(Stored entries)
--- START ---

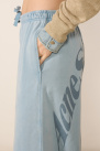 Il offre une coupe ample et une jambe longue, une ceinture élastiquée avec cordon de serrage, deux poches latérales dans les coutres et une grande inscription sur l’arrière.
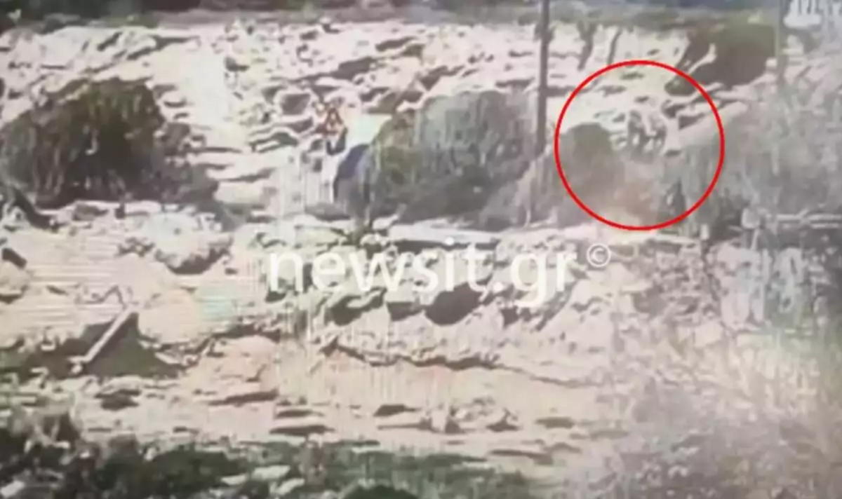 Στο βίντεο που εξασφάλισε το newsit.gr φαίνεται η μηχανή του Κωνσταντίνου Χρυσαύγη να περνάει, να χάνεται στους θάμνους και κλάσματα δευτερολέπτου αργότερα, φαίνεται το σώμα του στον αέρα πια, μετά τη θανατηφόρα σύγκρουση.
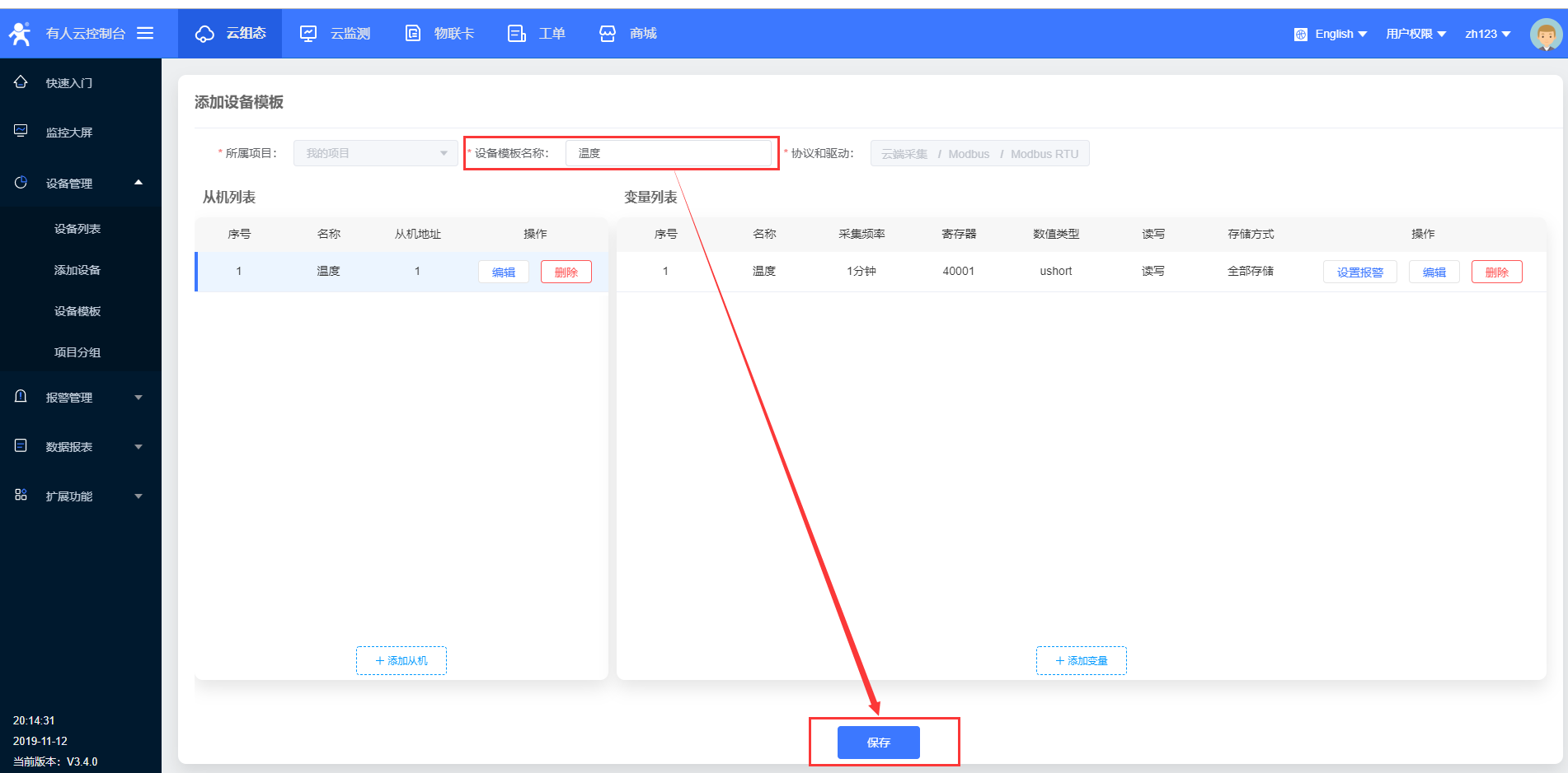 7、點(diǎn)擊添加模板,設(shè)備模板根據(jù)需要自行編輯名稱(chēng),選擇Modbus RTU協(xié)議,點(diǎn)擊保存;
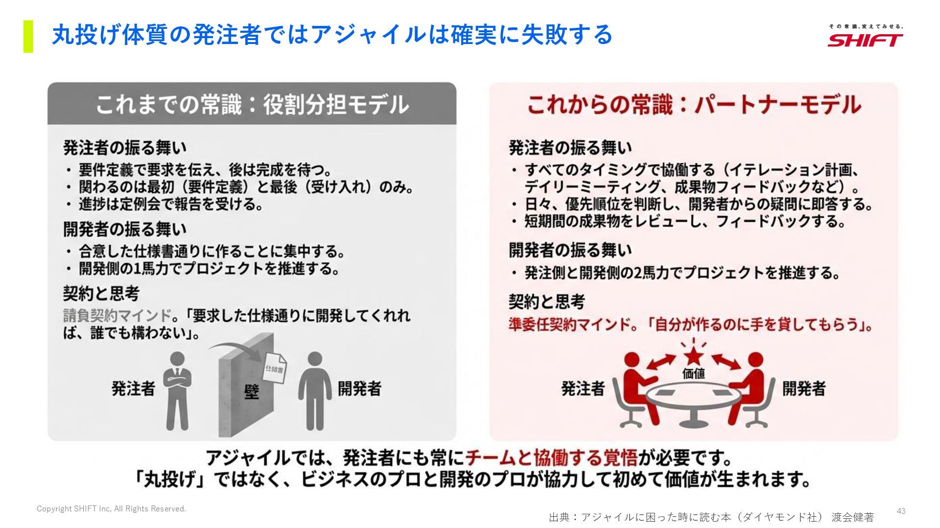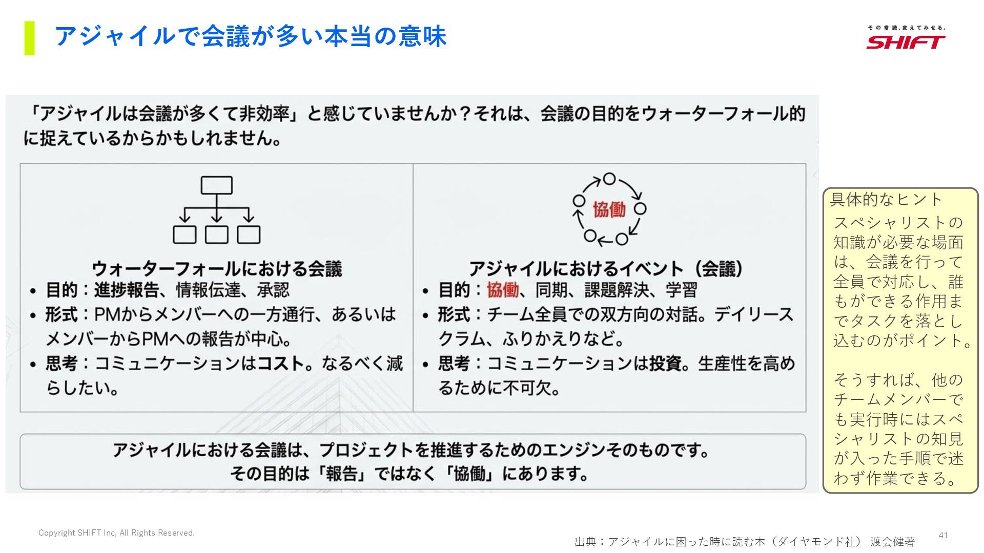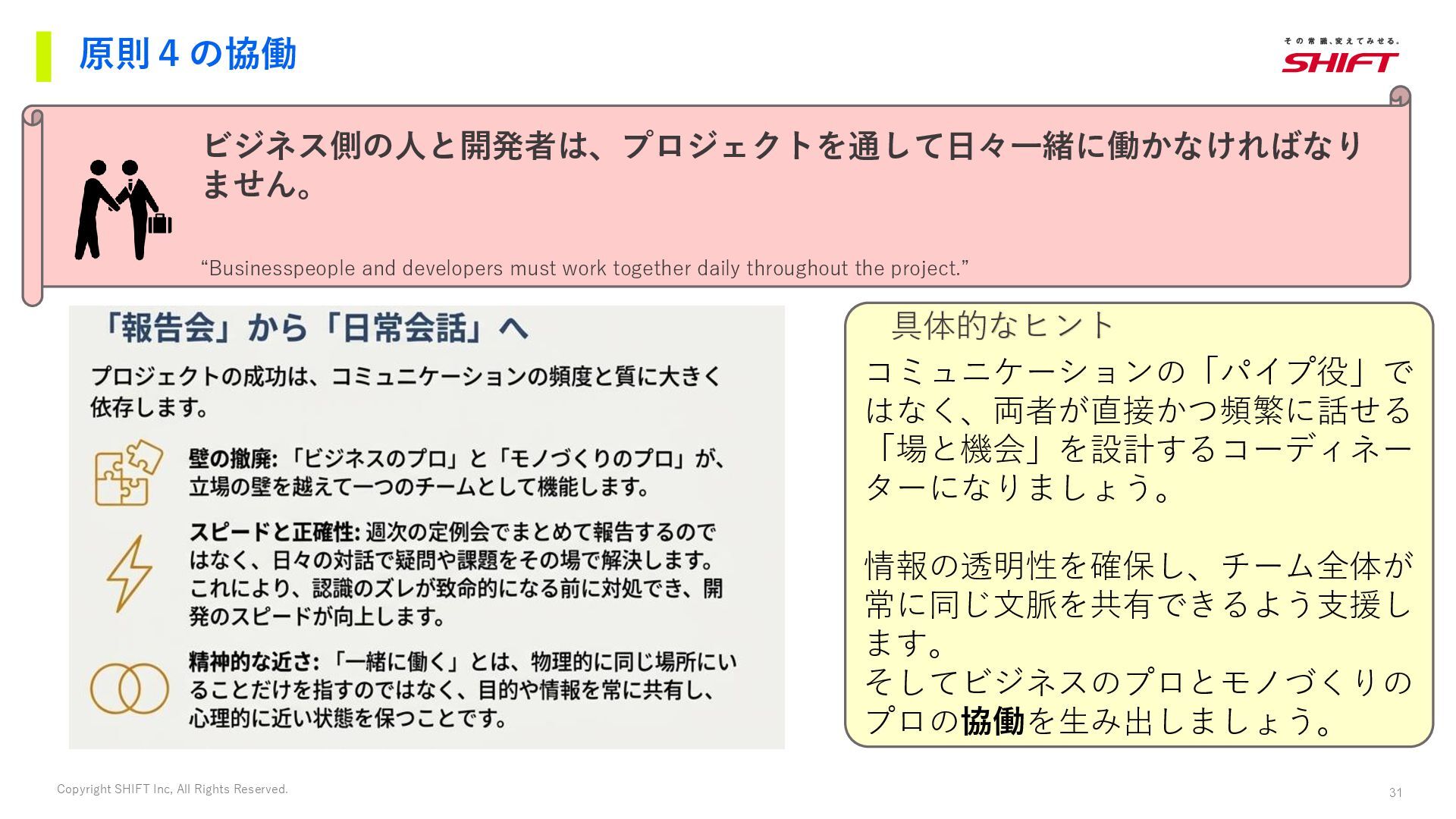 “Businesspeople and developers must work together daily throughout the project.” コミュニケーションの「パイプ役」で はなく、両者が直接かつ頻繁に話せる 「場と機会」を設計するコーディネー ターになりましょう。 情報の透明性を確保し、チーム全体が 常に同じ文脈を共有できるよう支援し ます。 そしてビジネスのプロとモノづくりの プロの協働を生み出しましょう。 具体的なヒント
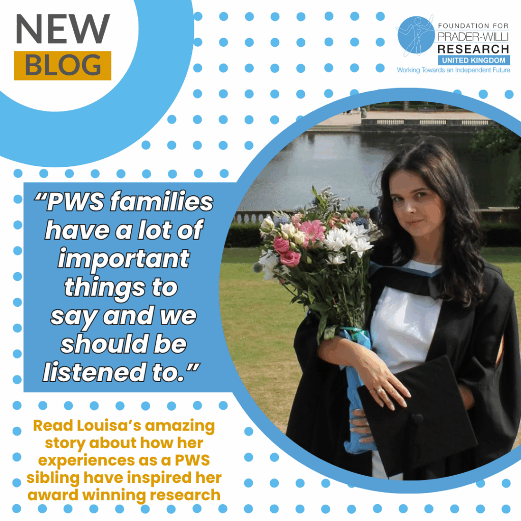 We are excited to share a guest blog from Louisa Williams, who recently has completed some important research into the effects of PWS on family members. Louisa, whose own brother has PWS, wanted to cover the important topic but give it a more personal approach than other studies in the past. With the help of the PWS Community Louisa’s research won a University prize and is now on it’s way to being published. Find out more from Louisa herself…

--- END ---

DIRECTIONS: Once the pictures are removed, return the entries exactly as they stand.

COMPLETED EXERCISE:
 Il offre une coupe ample et une jambe longue, une ceinture élastiquée avec cordon de serrage, deux poches latérales dans les coutres et une grande inscription sur l’arrière.
 Στο βίντεο που εξασφάλισε το newsit.gr φαίνεται η μηχανή του Κωνσταντίνου Χρυσαύγη να περνάει, να χάνεται στους θάμνους και κλάσματα δευτερολέπτου αργότερα, φαίνεται το σώμα του στον αέρα πια, μετά τη θανατηφόρα σύγκρουση.
 7、點(diǎn)擊添加模板,設(shè)備模板根據(jù)需要自行編輯名稱(chēng),選擇Modbus RTU協(xié)議,點(diǎn)擊保存;
 “Businesspeople and developers must work together daily throughout the project.” コミュニケーションの「パイプ役」で はなく、両者が直接かつ頻繁に話せる 「場と機会」を設計するコーディネー ターになりましょう。 情報の透明性を確保し、チーム全体が 常に同じ文脈を共有できるよう支援し ます。 そしてビジネスのプロとモノづくりの プロの協働を生み出しましょう。 具体的なヒント
 We are excited to share a guest blog from Louisa Williams, who recently has completed some important research into the effects of PWS on family members. Louisa, whose own brother has PWS, wanted to cover the important topic but give it a more personal approach than other studies in the past. With the help of the PWS Community Louisa’s research won a University prize and is now on it’s way to being published. Find out more from Louisa herself…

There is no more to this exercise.